We could also make a table. The following table relates the number of people who visit the park and the total money taken in by the ticket office.

\begin{align*} \text{Number of visitors} \qquad 1 \qquad 2 \qquad 3 \qquad 4 \qquad 5 \qquad 6 \qquad 7\\ \text{Money taken in} \ (\$) \quad \ \ \ 12 \quad \ \ \ 24 \quad \ \ 36 \ \quad \ 48 \quad \ \ \ 60 \quad \ \ \ 72 \quad \ \ 84\end{align*}

Clearly, we would need a *big* table to cope with a busy day in the middle of a school vacation!

A third way we might relate the two quantities (visitors and money) is with a graph. If we plot the money taken in on the **vertical axis** and the number of visitors on the **horizontal axis**, then we would have a graph that looks like the one shown below. Note that this graph shows a smooth line that includes non-whole number values of \begin{align*}x\end{align*} (e.g. \begin{align*}x = 2.5\end{align*}). In real life this would not make sense, because fractions of people can’t visit a park. This is an issue of domain and range, something we will talk about later.

The method we will examine in detail in this lesson is closer to the first way we chose to describe the relationship. In words we said that *“The amount of money taken in is twelve times the number of people who enter the park.”* In mathematical terms we can describe this sort of relationship with **variables**. A variable is a letter used to represent an unknown quantity. We can see the beginning of a mathematical formula in the words:

The amount of money taken in *is* twelve *times* the number of people who enter the park.

This can be translated to:

\begin{align*}\text{The amount of money taken in} = 12 \times (\text{the number of people who enter the park})\end{align*}

We can now see which quantities can be assigned to letters. First we must state which letters (or **variables**) relate to which quantities. We call this **defining the variables**:

Let \begin{align*}x =\end{align*} the number of people who enter the theme park.

Let \begin{align*}y =\end{align*} the total amount of money taken in at the ticket office.

We now have a fourth way to describe the relationship: with an algebraic equation.

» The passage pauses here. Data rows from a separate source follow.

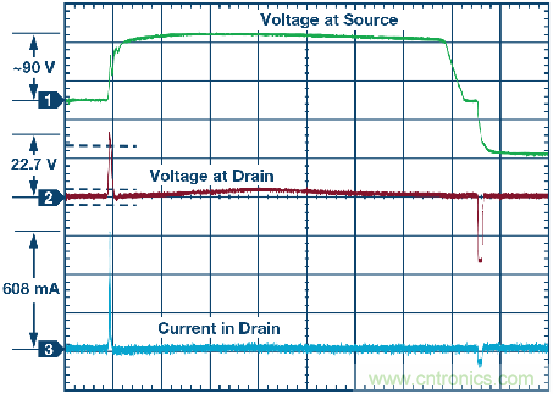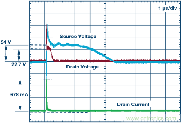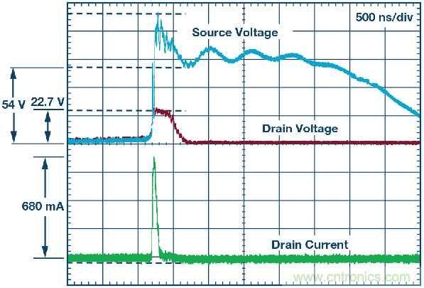 圖7. 16 kV空氣放電事件期間的漏極電壓和漏極輸出電流。
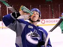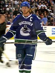 In his first game as a Canuck, Roy tallied an assist helping Vancouver to a 4–0 win. The win moved the Canucks passed Minnesota for the division lead.[108] The shutout marked Schneider's fourth of the season, which doubled his career total.[109] Two games later, Schneider registered his fifth shutout of the season in a 2–0 over the Coyotes, tying him for the League lead. The game also marked the return of Kesler, who scored the game-winning goal.[110] Minnesota slumped towards the end of the season and the Canucks won their fifth-straight Northwest Division title with a 2–1 victory over the Blackhawks.[111] In the game, Schneider suffered a groin injury and was unable to play the last two games of the season; he was listed by the Canucks as day-to-day with a "body" injury.[112][113][114] With Schneider out, the Canucks lost their final two regular season games. In their final loss, Vigneault rested many of his regulars, though he received criticism for playing Henrik Sedin for only 22 seconds. Furthermore, Sedin left the bench after his one shift. The Los Angeles Times' Helene Elliott called it a cheap way of keeping Sedin's ironman streak intact. For his part, Henrik Sedin told Vigneault that "he would be okay with sitting out the game" and to him the streak is just "a number in the paper." Vigneault responded by telling Sedin that "he's not going to be the one that breaks the streak," and he gave him the choice to remain on the bench or return to the locker room. Sedin felt remaining on the bench would have been a further distraction and chose to leave.[115][116] By season's end, the Sedin twins' point production dropped from the previous years. Henrik's point points-per-game average was the lowest it had been since 2007–08, while Daniel's was his worst since 2003–04.[117][118] The Cauncks' power play also struggled throughout the year dropping from fourth in 2011–12 to 23rd in the League.[119][120]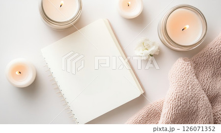 Close-up of laptop with blank white screen, lit candle in jar, and a white mug surrounded by chunky, warm, knitted blankets and cozy fabric curtains. Soft, out-of-focus bokeh lights in background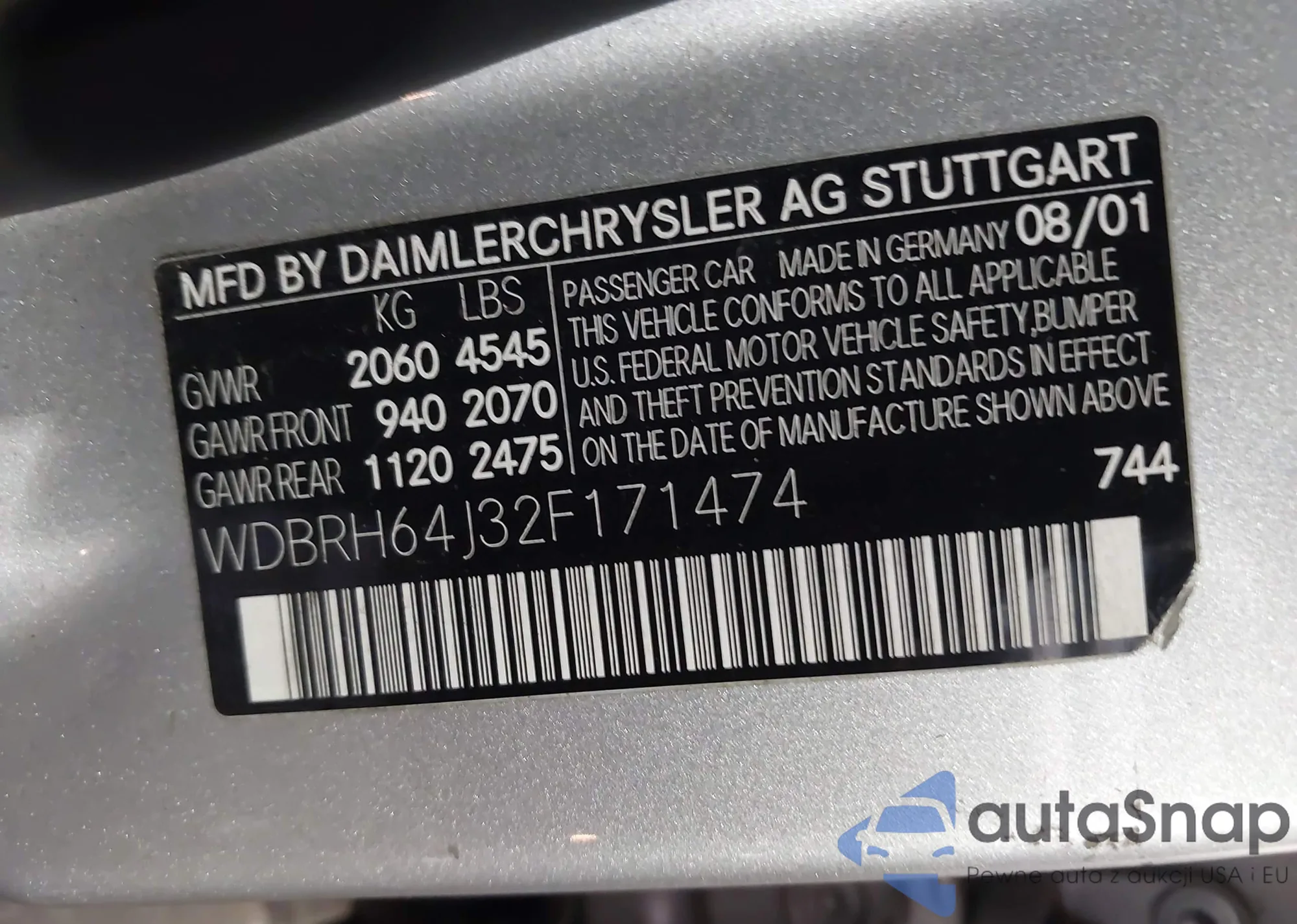 • VIN WDBRH64J32F171474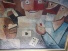 MAKOWSKI TADEUSZ - obraz olejny sygnowany - karciarze . Z tyłu pieczęć galerii - słabo czytelna i nieczytelna metka . ...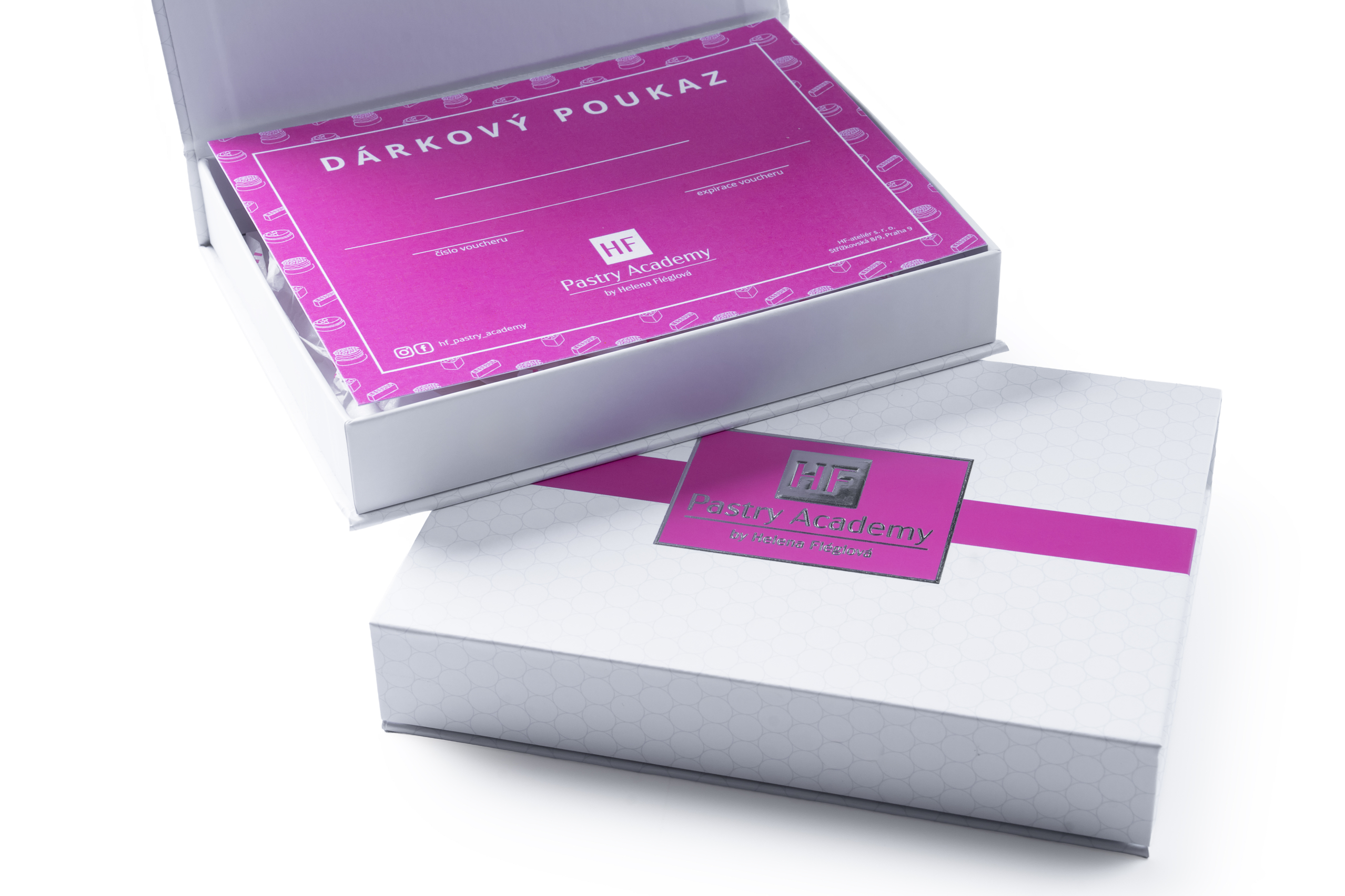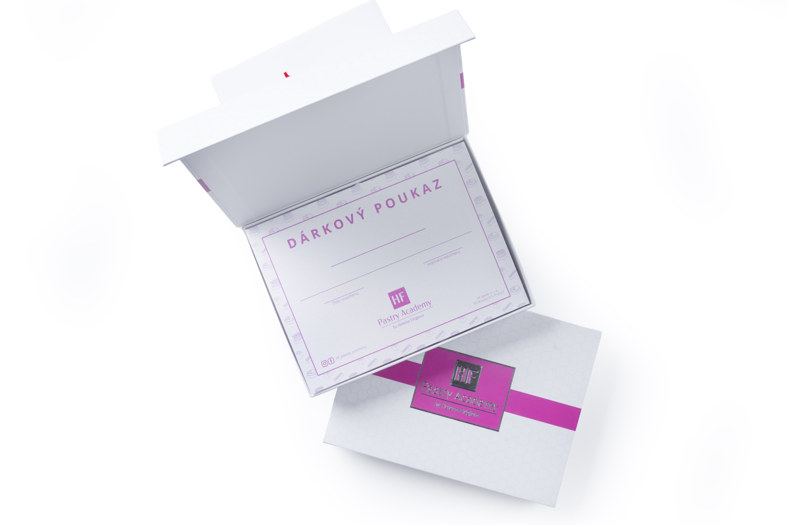Dárkový poukaz, zabalený v krásné dárkové krabičce i s našimi originálními pralinkami. Poukaz lze uplatnit na všechny naše kurzy v HF Pastry Academy, ale také podukty v našem e-shopu.

\begin{align*}y = 12x\end{align*}

Writing a mathematical equation using variables is very convenient. You can perform all of the operations necessary to solve this problem without having to write out the known and unknown quantities over and over again. At the end of the problem, you just need to remember which quantities \begin{align*}x\end{align*} and \begin{align*}y\end{align*} represent.

**Write an Equation**

'Equation' is a term used to describe a collection of numbers and **variables** related through mathematical **operators**. An **algebraic equation** will contain letters that represent real quantities. For example, if we wanted to use the algebraic equation in the example above to find the money taken in for a certain number of visitors, we would substitute that number for \begin{align*}x\end{align*} and then solve the resulting equation for \begin{align*}y\end{align*}.

#### Writing and Solving an Equation

A theme park charges $12 entry to visitors. Find the money taken in if 1296 people visit the park.

Let’s break the solution to this problem down into steps. This will be a useful strategy for all the problems in this lesson.

**Step 1:** Extract the important information.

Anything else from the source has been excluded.